BearsRail · 17/10/2023 19:09

And it wasn't tents on that occasion, a big Scout hut, mats in the hall, with I'm assuming seperate toilets & showers labelled for boys and girls

Guidingfamily · 17/10/2023 19:57

@BearsRail a couple of years ago on a Ranger weekend, the girls (aged 16-18) arrived full of chatter about a "new" girl at school. They all knew them under their old identity and felt quite sorry for them.

Listening to them, it was clear the wanted to be kind, but didn't really believe that "Sally" had become the opposite sex. They felt uncomfortable sharing single sex spaces with them and I noticed not extended an invitation to join Rangers.
The question of sharing a tent came up- they didn't like that idea at all!

And no: no one is listening to what our young people say. They want to be kind, they don't like unfairness or discrimination, but they want their own space.

autisticat · 17/10/2023 20:24

Speaking as a longstanding Girlguiding member, I sincerely hope and expect your “concerns” to be dismissed.

Any concerns around predatory or creepy or otherwise inappropriate behaviour from a trans member would be dealt with in exactly the same way as concerns about a cis member - via Girlguiding’s robust safeguarding procedures. You and your children do not have the right to know what genitals someone has. Nobody has that right. You do have the right not to be abused or subjected to other inappropriate behaviour, but there is absolutely nothing about trans people that makes them more likely to perpetrate that - quite the opposite. Shame on you for trying to make an inclusive organisation less inclusive.

Eggybrains · 17/10/2023 20:30

autisticat · 17/10/2023 20:24

Speaking as a longstanding Girlguiding member, I sincerely hope and expect your “concerns” to be dismissed.

Any concerns around predatory or creepy or otherwise inappropriate behaviour from a trans member would be dealt with in exactly the same way as concerns about a cis member - via Girlguiding’s robust safeguarding procedures. You and your children do not have the right to know what genitals someone has. Nobody has that right. You do have the right not to be abused or subjected to other inappropriate behaviour, but there is absolutely nothing about trans people that makes them more likely to perpetrate that - quite the opposite. Shame on you for trying to make an inclusive organisation less inclusive.

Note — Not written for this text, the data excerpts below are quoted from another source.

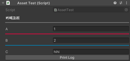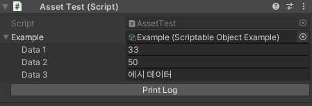 이렇게 `AssetTest`컴포넌트의 인스펙터에서 데이터를 바로 펼쳐서 편집할 수 있습니다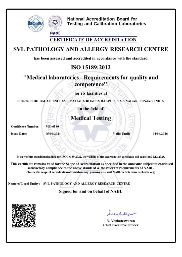 SVL Pathology is a trusted diagnostic laboratory based in Zirakpur, committed to delivering accurate, timely, and affordable pathology services. Built on the values of precision, transparency, and patient care, we support doctors and patients with reliable diagnostic insights that aid effective treatment decisions.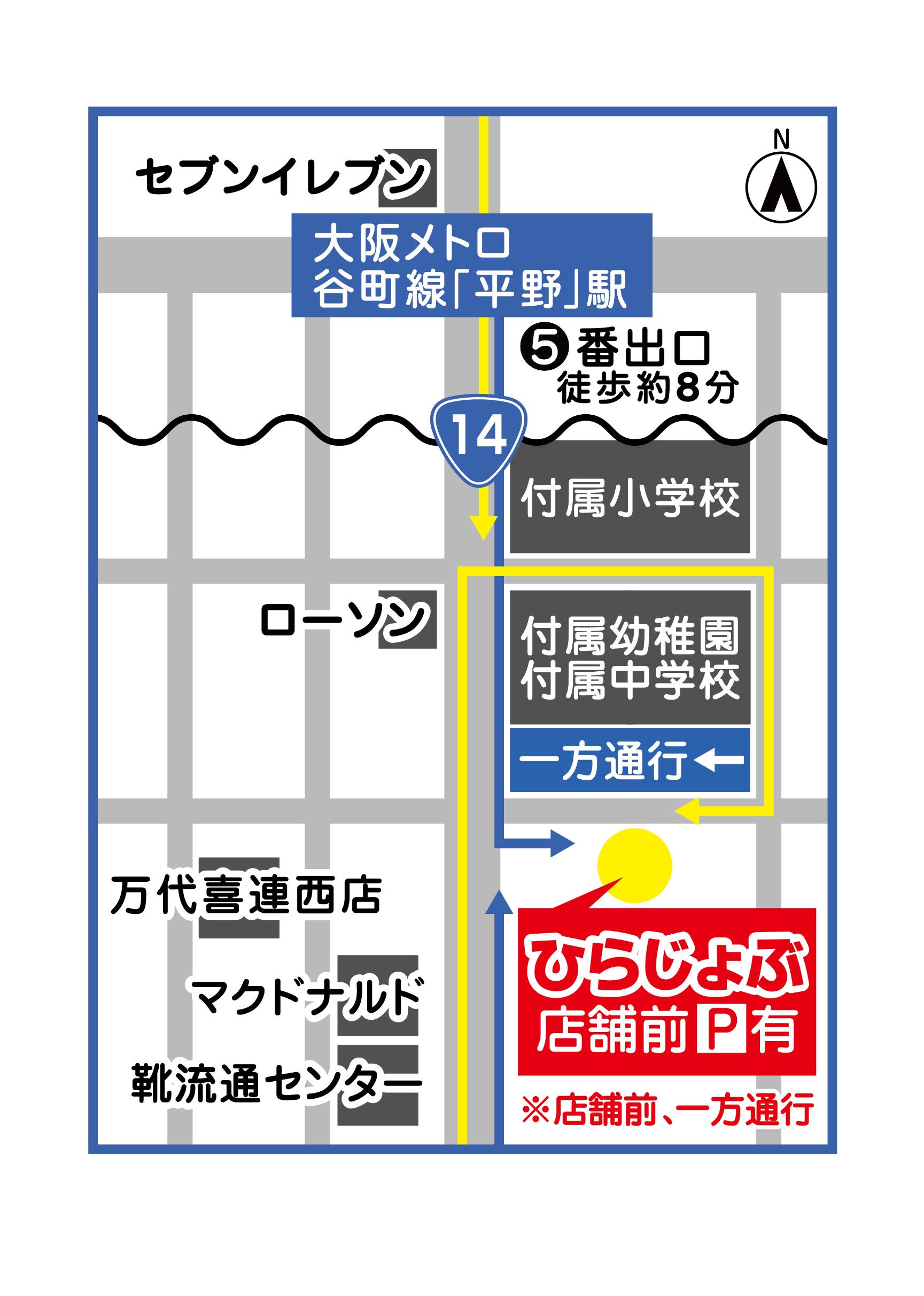 地下鉄平野駅5番出口から内環状線を南450メートル。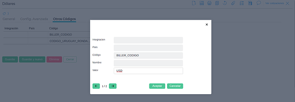 En el maestro de monedas se debe completar el código adicional BILLER_CODIGO según corresponda con la siguiente tabla: Tablas Uruguay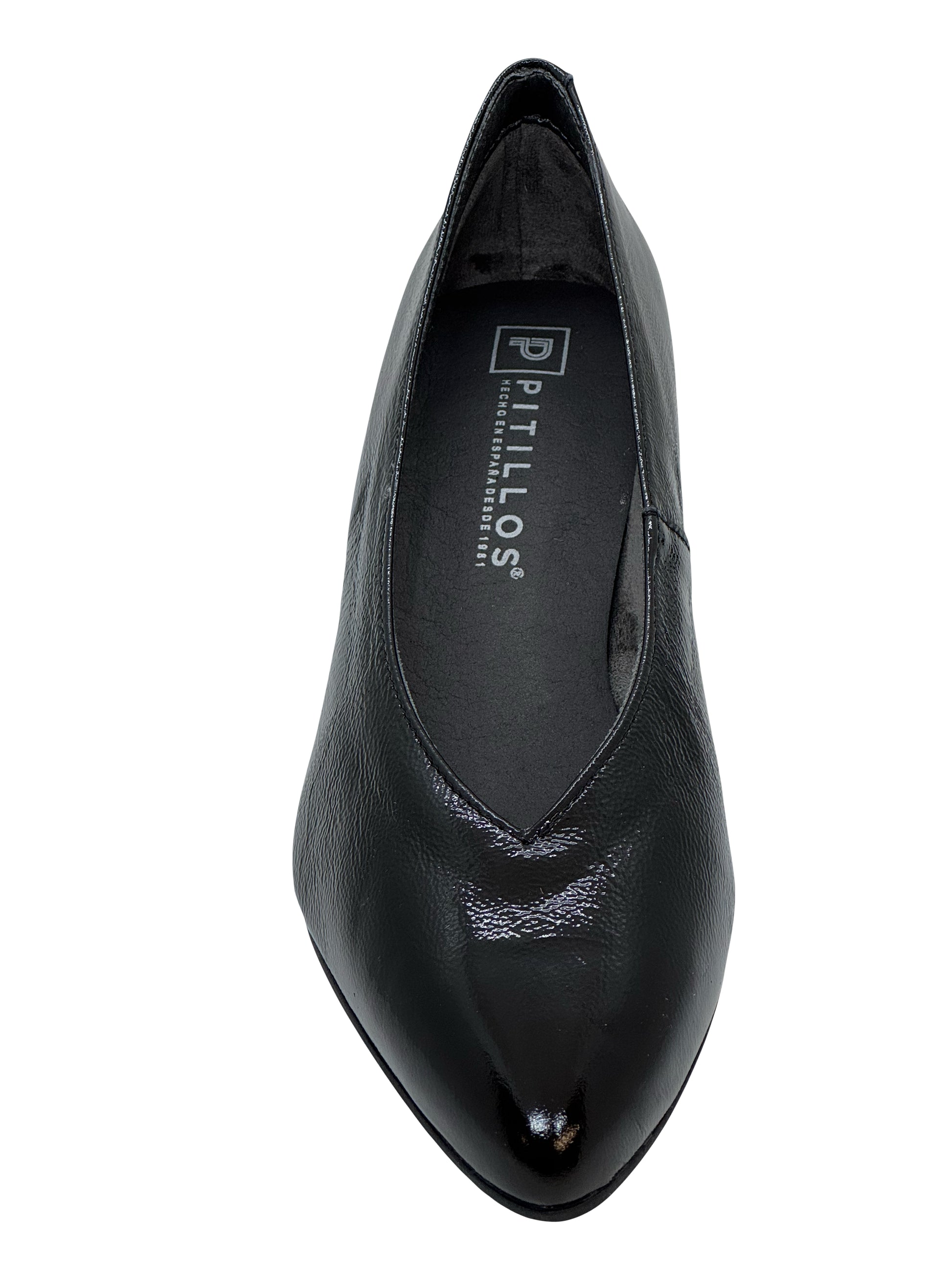 Pitillos Ladies Crinkle Patent Low Heel Court Shoe

Girlguidings “robust” safeguarding procedures are not followed, in my experience.

and hilarious to suggest Girlguiding is “inclusive”. Have you read their own EDI audit? My understanding is even senior members have not received training and lack even basic understanding of Equality Act - unless that has changed in the very recent past.

There are issues with their policies which don’t make sense when put together. But I don’t know what the answer is to ensure everybody’s rights are respected and everyone is treated appropriately- which includes not discriminating against someone because of gender reassignment. It’s difficult.